Большую люстру потушили, две боковые оставляли сцену в полумраке.
Согнутая мужская фигура с опущенными руками, из-за чего они казались необычайно длинными, прошла к роялю.
Зал затих.
С темной сцены понеслась густая и живая волна, наполнив зал.
Музыкант играл вещи, которые Арвуд знал как собственное лицо, однако он едва узнавал их. Они звучали, как перевод на чужой, неведомый, но как-то непостижимо понятный язык. И от этой своеобразной игры веяло манящей самобытностью, словно давно знакомая всем мелодия впервые рождалась под пальцами музыканта.

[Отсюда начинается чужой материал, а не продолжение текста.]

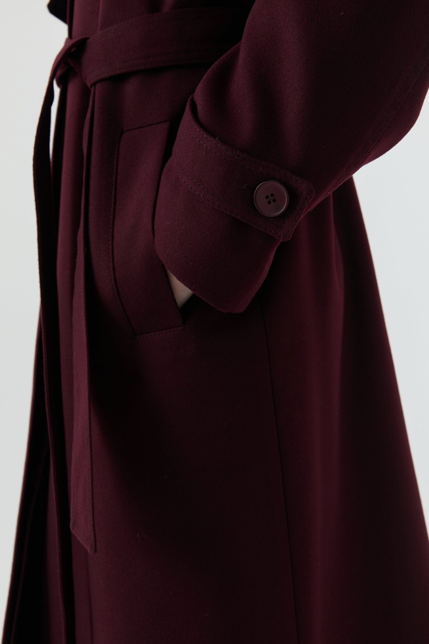 يتميز هذا المعطف بتصميم ياقة منتصبة تمنح وقفة عصرية وقوية، لترفع الأناقة الحضرية إلى مستوى راقٍ بخطوطه النظيفة وشكله الأنيق. يقطع التصميم الهيكلي الصورة الظلية بشكل مثالي بينما توفر نسيجه الدافئ الراحة أثناء التغيرات الموسمية.

Арвуд не видел в антракте ни одного равнодушного лица, а аплодисменты показались ему более искренние, чем обычно.
Зал гудел радостными возгласами:
— Томас Дан! Томас Дан!
Но на аплодисменты Томас Дан не вышел.
Снова потушили свет, и сгорбленный силуэт появился на сцене.
Сразу же хаос бурных звуков метелью пролетел над головами притихших людей. Это меньше всего походило на музыку. Рев сказочного зверя, вырвавшегося на волю, рев победы и дикой страсти…
Но медленно, словно укрощая чудовище, правая рука собрала звуки в стройную мелодию, и она разлетелась из темноты, словно разноцветные бабочки. Арвуд чувствовал их теплое прикосновение к своему лицу, они касались его рук, садились на ресницы…
— А? Что же это такое? — белокурая девушка теребила его за рукав. Арвуд взглянул на нее бессмысленно, а юноша гладил ее волосы, успокаивая, как умел.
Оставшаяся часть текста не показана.